Thursday, 16 February 2012

Record Signings in the EPL.Knowing When To Let Go.

Choosing which team to follow can be an ingrained rite of passage passed down like small children at a pre War sellout or simply the result of a haphazard whim,but once joined the relationship is usually for life.No matter how inept,incompetent the team or disloyal some of it's players,there's always a strong enough bond that says "stick with it" and the good times will return.Managers though have to be more hard nosed about when to let go of an under performing asset who promised much,cost more,but failed to deliver.

Unlike some sports where a General Manager supplies the talent and the Head Coach then gets the best out of that talent on the pitch,football allows the manger a huge say in assembling his squad.Therefore any purchase,but especially an expensive one,will create a strong bond between buyer and purchased.Neither party wants a deal to be a failure,but there exists a stronger and partly irrational desire on the part of the buyer to make the deal a success even if on field performance is telling everyone otherwise.Managers sometimes make purchases that are mistakes.For any number of reason a player may not perform to anywhere near the level that justifies his price tag,but all too frequently the mistake is compounded by a stubborn refusal to acknowledge the mistake,cut the losses and move on.The irony of this loyalty to inferior,yet expensive purchases is that a failure to act decisively often leads to the rose tinted buyer paying the price with his job.

Stoke's promotion season in 2007/08 came as a pleasant,but unexpected surprise to it's largely long suffering fans.Little had changed squadwise from the previous year to make a typically bungled foray into the playoff lottery the height of expectation.Instead a 17 game unbeaten run from late November onwards gave the team a big enough cushion to allow them to follow WBA into the EPL automatically in the runners up spot.The final ten games had seen the goals dry up just at the wrong time and a scoring rate below one a match would have caused irreparable damage had the defence not proved to be similarly miserly.A nervy 0-0 on the last Sunday of the season against a Leicester side fighting to stay in the division was an encapsulation of their last quarter strengths and failings..

A Tom Jones impersonator and a man dressed as a dog celebrate Stoke's elevation to the top division.
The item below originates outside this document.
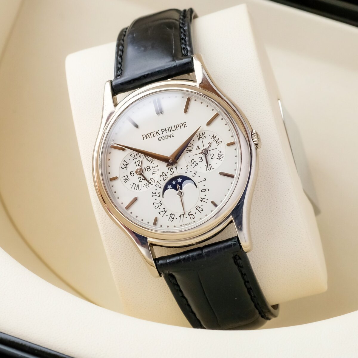 Patek Philippe Perpetual Calendar reference 5140G in 18k white gold, measuring 37 millimeters and powered by the ultra thin automatic micro rotor caliber 240 Q. This reference is known for its elegant proportions and the classical perpetual calendar layout that has become a hallmark of Patek Philippe’s grand complications.
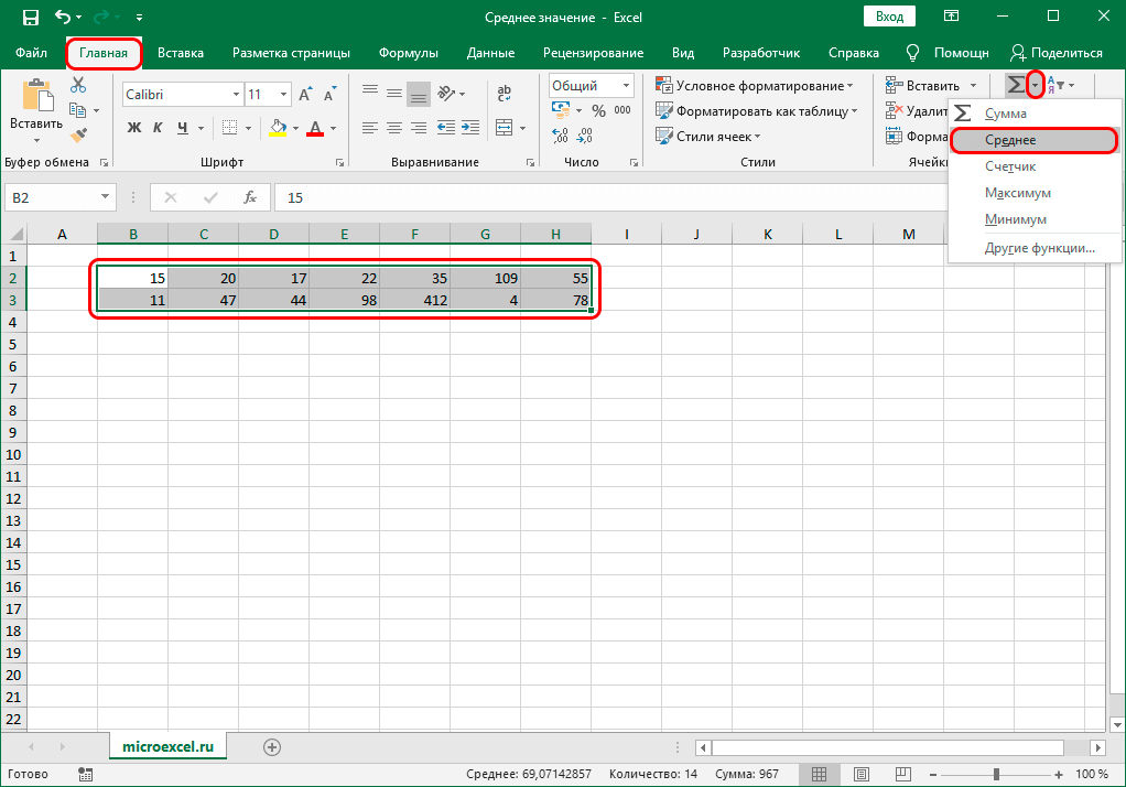 Вот как найти среднее значение в Excel:

Aware that goal scoring had been a problem in the final stages of their run to the Premiership,Stoke's manager,Tony Pulis almost at once splashed a then club record £5.5 million on Reading's Dave Kitson.But the deal went sour almost from the outset and in the 12 games that Kitson started that season he failed to score and mustered less than a shot a game of which just two required the keeper to intervene.Stoke picked up just nine points from a possible 36 in that 12 game stretch,just the kind of return you would expect from a team who were also finding Premiership strikers much more of a handful and were allowing almost two goals a game.

A Kitson injury early in a customary Stoke win over WBA made dropping their record signing easy and in the next 11 games they managed to average just over a point a game.Tellingly the improvement came from the defensive side of the ball and the goals against column averaged just over 1 goal per game instead of being just shy of two.Goals scored per game were the same as they had been with Kitson in the team,so his contribution was being repeated by the supposedly inferior strikers who had gained Stoke promotion previously.

By January 2009 he was permanently replaced for the season by transfer window signing,James Beattie.And three times as many shots,just under half of which were on target and seven goals from 15 starts flew from the boot of the new man resulting in 24 points at over 1.5 points per game and secured safety for the Potters with a game or two to spare.

Part of the problem. Part of the solution.
The interesting aspect of this slice of Stoke City history is not contained in the dry narrative of goals scored,games won or lost,but in the thought processes behind the managerial decisions and the twist of luck and chance that combined to make Beattie a Stoke hero and Kitson not.Was Pulis able to distance himself from the buyer's pride that often exists when large purchases go wrong and was he planning to replace his big money signing even before injury intervened prior to the transfer window ? Or would he have been heartened enough by a couple of late December goals to have kept faith with the price tag rather than the on field performance.

A clue to the answer may be found in the subsequent season.Both Kitson and Beattie started 11 games,although they only played together once in a 2-1 defeat to Chelsea.Kitson doubled his shots per game ratio,but Beattie halved his from the previous campaign and they each managed to find the net just three times.Last year's under achiever rose to the heights of mediocrity and last season's hero drifted sadly down to meet him.By the time of Stoke's Christmas party,neither player had a future at the club.

Small sample size almost certainly exaggerated the real difference in ability of both strikers.But if Pulis was able to quickly evaluate each player's likely contribution to Stoke's survival season and act decisively to maximize the return and then divorce himself from the emotional investment he had in each player to move them on a year down the line,then he possesses a valuable managerial trait.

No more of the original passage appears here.